Predictors and Consequences of Global DNA Methylation in Cord Blood and at Three Years

DNA methylation changes have been implicated in many common chronic diseases leading to the hypothesis that environmental and age-related DNA methylation changes within individuals are involved in disease etiology. Few studies have examined DNA methylation changes within an individual over time and all of these studies have been conducted in adults. Here, we aim to characterize how global DNA methylation changes from birth to age three within a longitudinal birth cohort study and to determine whether there are consistent predictors of DNA methylation levels measured three years apart. We measured global DNA methylation in the same children at birth (cord blood) and again at three years of age among 165 children, using an immunoassay. We found that on average, DNA methylation was significantly higher in blood at age 3-years than in cord blood (p,0.01). However, for any individual child, the difference was less than would be expected by chance.
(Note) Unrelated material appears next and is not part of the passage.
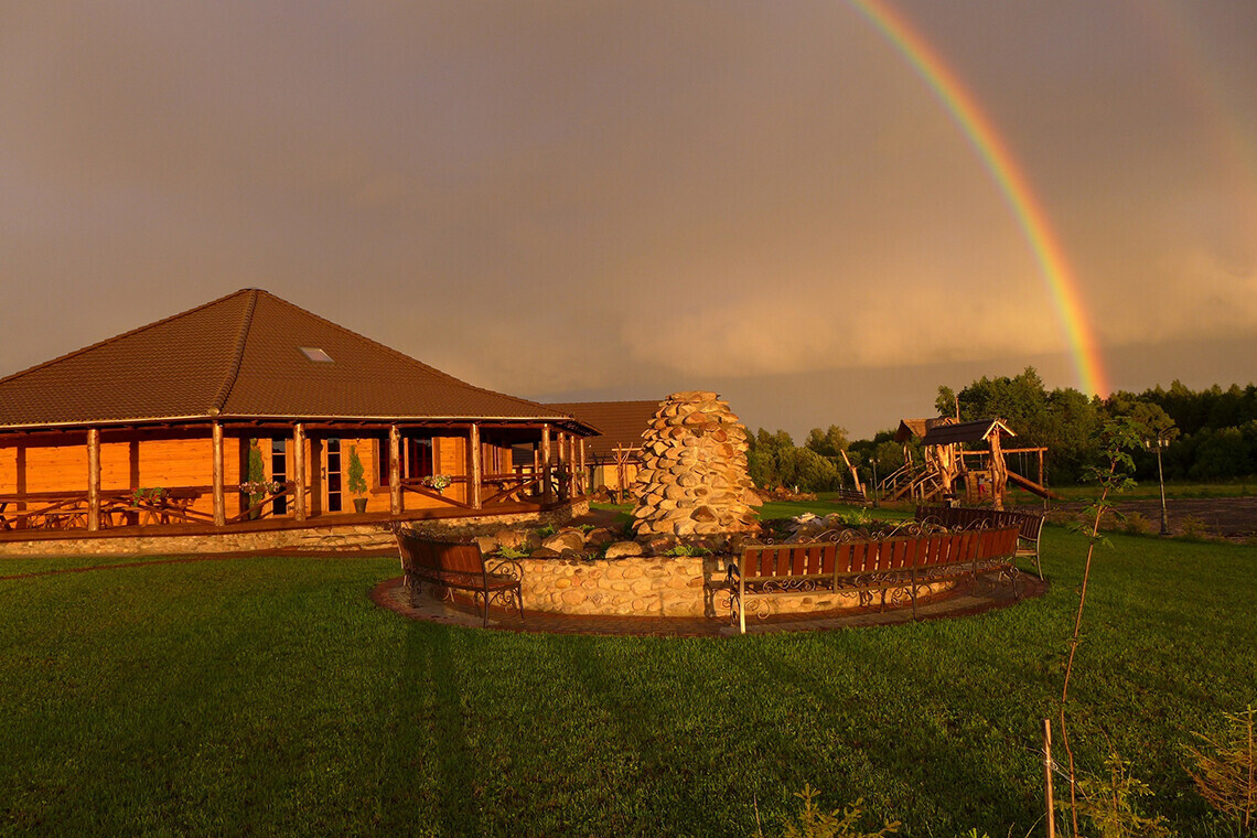 На ночь гости свадьбы могут расположиться в одноэтажной гостинице с пятью арт-номерами, где окунутся в особую атмосферу, которая создавалась хозяином хутора с помощью изделий ручной работы и старинных элементов: белорусской печи, сделанной из трех тысяч кирпичей, картин, вышитых еще прабабушкой. При строительстве усадьбы использовались исключительно природные, экологически чистые материалы: натуральный камыш, дерево, камень, дранка.

We found that pre-pregnancy BMI was negatively predictive of both cord and three-year DNA methylation, even after statistical adjustment to account for the correlation between cord blood and three-year DNA methylation. The biologic implications of small changes in global DNA methylation are unknown. However, the observation
that global DNA methylation levels persist within an individual from birth to age three supports the belief that factors that influence global DNA methylation, including pre-pregnancy BMI, may confer long-term effects.